Start of MATERIAL PROVIDED
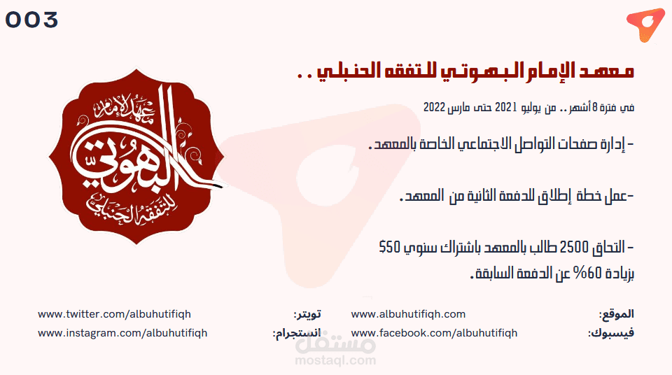 وإدارة صفحات التواصل الاجتماعي على جميع المنصات (فيسبوك وتويتر وانستجرام وتيليجرام)؛
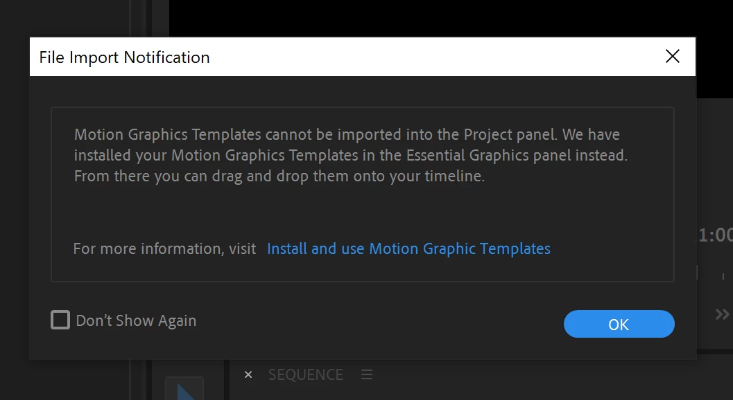 When importing Motion Graphics templates into a project, a new dialog box explains that the template will be stored under the Browse tab in the Essential Graphics panel (and not in the Project panel).
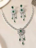 KARATCART Glamorous Green American Diamond Studded Floral Jewellery Set for Women
End of MATERIAL PROVIDED
_TASK INSTRUCTIONS_
Copy the data word for word. Pictures do not go in the copy.

_OUTPUT_
 وإدارة صفحات التواصل الاجتماعي على جميع المنصات (فيسبوك وتويتر وانستجرام وتيليجرام)؛
 When importing Motion Graphics templates into a project, a new dialog box explains that the template will be stored under the Browse tab in the Essential Graphics panel (and not in the Project panel).
 KARATCART Glamorous Green American Diamond Studded Floral Jewellery Set for Women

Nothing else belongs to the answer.